Konzert in Heimerzheim

Gemeinsam sind die Männer und Frauen klangstark

Musikalischen Herbstzauber bot die Chorgemeinschaft der Männergesangvereine aus Heimerzheim, Metternich und Bliesheim.

Musikalischen Herbstzauber bot die Chorgemeinschaft der Männergesangvereine aus Heimerzheim, Metternich und Bliesheim.

SWISTTAL-HEIMERZHEIM. Drei Männergesangvereine beschwören in der Heimerzheimer Aula den „Herbstzauber“. Ein Frauenchor bildet einen stimmlichen Kontrast.

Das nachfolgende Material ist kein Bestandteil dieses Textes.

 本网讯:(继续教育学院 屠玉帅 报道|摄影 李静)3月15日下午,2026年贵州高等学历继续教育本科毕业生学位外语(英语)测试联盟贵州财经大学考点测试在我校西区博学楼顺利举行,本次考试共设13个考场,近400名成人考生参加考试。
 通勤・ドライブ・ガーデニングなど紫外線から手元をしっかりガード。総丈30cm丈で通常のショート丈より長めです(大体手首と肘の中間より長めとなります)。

Die Musik ist eine heilige Kunst, zumindest nach dem Festgesang, mit dem der Männergesangverein (MGV) Liederkranz Heimerzheim 1906 am Samstagabend sein Konzert in der Georg-von-Boeselager-Schule begann. Und diese Kunst gilt es auch in den klassischen Chorliedern zu bewahren. Da jedoch der MGV aus Heimerzheim das nicht mehr allein bewältigen kann, ist er schon seit einiger Zeit Teil einer Chorgemeinschaft mit den Männergesangsvereinen Eintracht Metternich 1949 und Concordia 1868 Bliesheim.

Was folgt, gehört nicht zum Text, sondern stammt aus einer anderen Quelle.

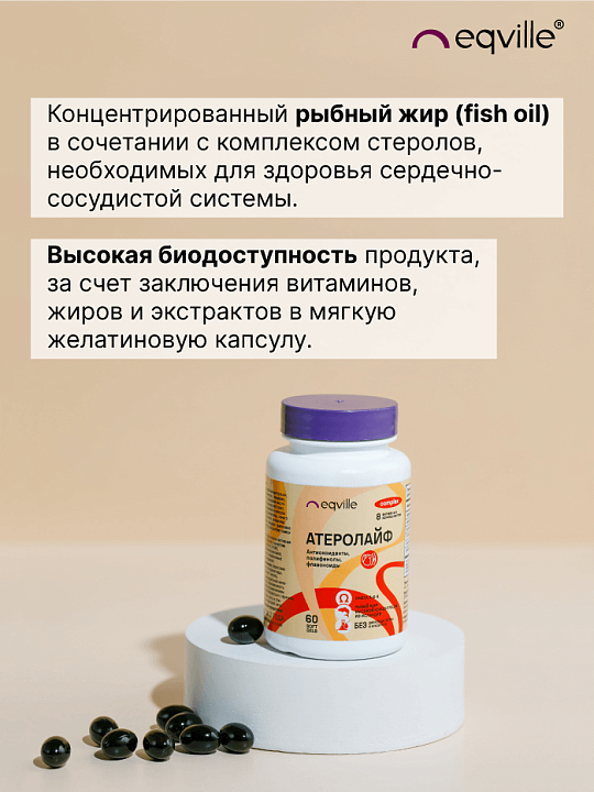 Атеролайф помогает поддерживать холестерин на необходимом для здоровья уровне, вытесняя из организма излишки экзогенного холестерина, снижая риск развития и прогрессирования атеросклероза, способствуя улучшению состояния сосудов.

„Als Einzelchöre sind wir nicht mehr stark genug für ein Konzert“, bedauerte Günter Tappeser, der Vorsitzende des MGV Liederkranz. Doch als Gemeinschaft bringen es die drei Gruppen unter der Leitung von Oliver Scherer seit 2014 auf rund 30 Sänger. Geprobt wird an wechselnden Orten. Die Geselligkeit wird stets im Blick behalten, dadurch ist man auch menschlich zusammengewachsen. Vor allem aber bedeuten ausreichend Sänger einen satten Klang bei allen Arten von Liedern. Die Chorgemeinschaft sang unter dem Titel „Herbstzauber“ Chorklassiker wie „Die Abendglocken rufen“ oder „Am kühlen Morgen“. Außerdem gestalteten sie einen Teil des Programms mit Mundartliedern. Nach der Pause gab es eine Hommage an Udo Jürgens mit einem Medley seiner Hits „Aber bitte mit Sahne“, „Vielen Dank für die Blumen“ und „Mit 66 Jahren“.

Immer nur Männerstimmen – das wäre auf die Dauer etwas eintönig. Als Kontrast stand daher der Metternicher Frauenchor Femmes Vocales mit Chorleiterin Ursula Papon auf der Bühne. Sie sangen unter anderem Cat Stevens' „Morning has broken“ und „Mein kleiner grüner Kaktus“, den die Comedian Harmonists bekannt gemacht hatten. Zwischenspiele von Oliver Scherer am Klavier und David Witsch am Saxofon rundeten den Abend harmonisch ab. Und selbst die Zuschauer in der gut besuchten Aula durften mitsingen. Ganz zum Schluss waren sie beim „Swisttaler Heimatlied“ gefordert, das Peter Euskirchen 1956 geschrieben hatte.